This includes social media, news sites, discussion forums, search engine results, and web archives.

The information in question may be true or false, and anything from embarrassing to libelous.

 

Often discussions about removing old information center on calls for Google to remove information from their search results. I think they are chosen because they are the dominant search engine, and people feel that if the information is not shown in Google, then it is effectively gone. Of course, search engines are really just pointing to the actual data, while generally lives on some other website.

Being removed from Google does nothing to the existence of the information, nor would it impact indexing of that information by other search engines.

 

Even if you get the hosting website to remove the information, there are many organizations like archive.org who may have copied and archived the information, thus keeping it alive and available.

Here are some examples of information that you might want removed.

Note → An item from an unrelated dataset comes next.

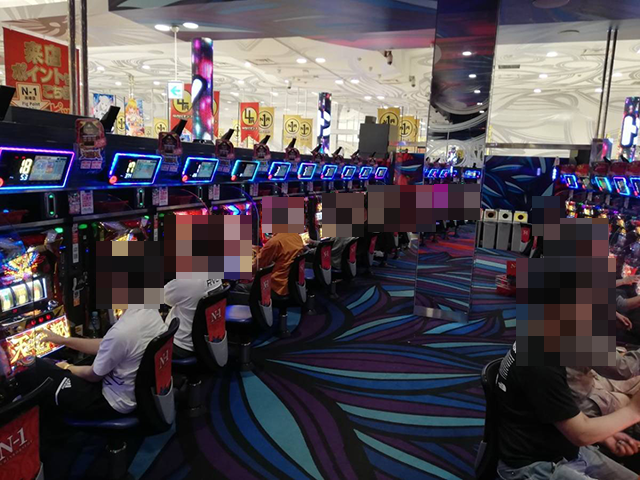 20円パチスロと5円パチスロの両方に、「ハナハナホウオウ~天翔~-30」などの沖スロが設置されているホールだ。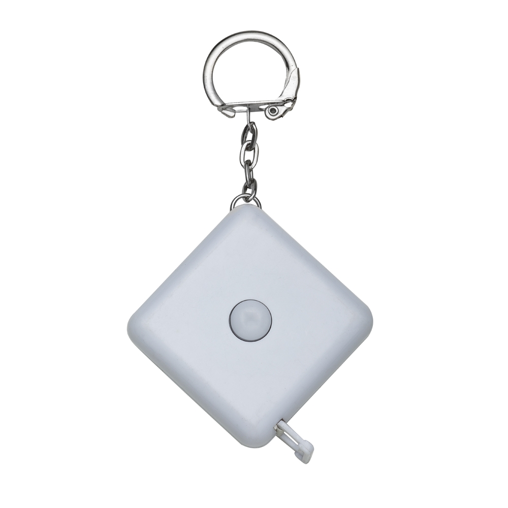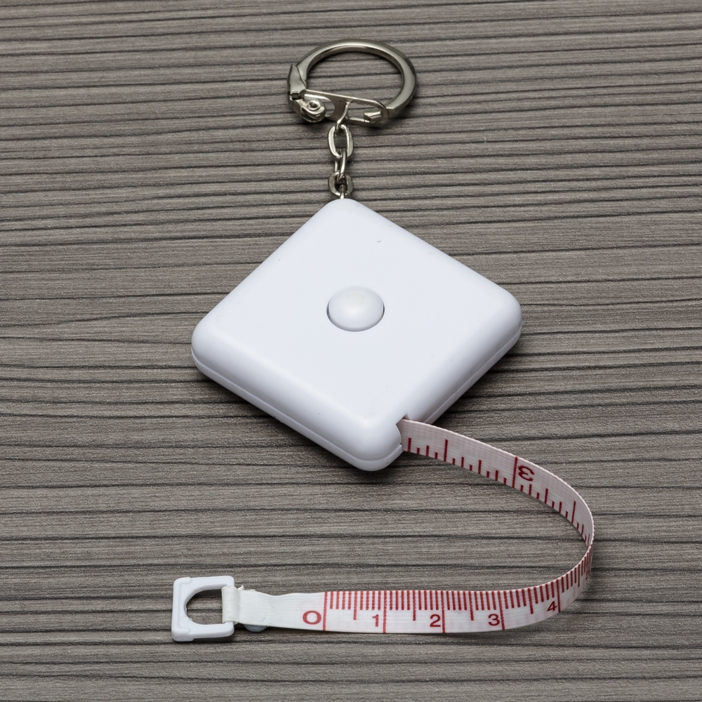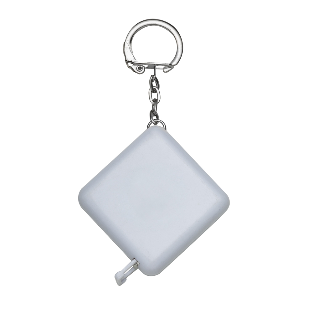 Chaveiro Trena de 1 metro em plástico quadrangular, frente lisa e verso com botão(trava), medidas 4,5 x 4,5 cm. Gravação serigrafia em 1 cor.

  • Racist rantings on an old social media site to which access has been lost.
  • Drunk party pictures on a friend’s social media account.
  • Newspaper articles about dubious business activities.
  • Court records of a conviction after the sentence has been completed.
  • Negative reviews on a review website.
  • Unflattering feedback on a dating website.

 

In many of these cases, your “right to be forgotten” runs directly into another person’s “right to free speech”.

 

My thinking on this is still evolving, and I would welcome your thoughts and feedback. Right now I think that the free speech right trumps the right to be forgotten except in specific situations which need to be legally carved out individually; things like limitations on how long credit information should be allowed to follow you. Of course, the problem will be that every country will draw these lines differently, making enforcement and compliance very difficult, and leading to opportunities for regulatory arbitrage.

 

We are already seeing this in the EU. While most of the EU is moving towards codifying a right to be forgotten, the UK is planning to opt out of that.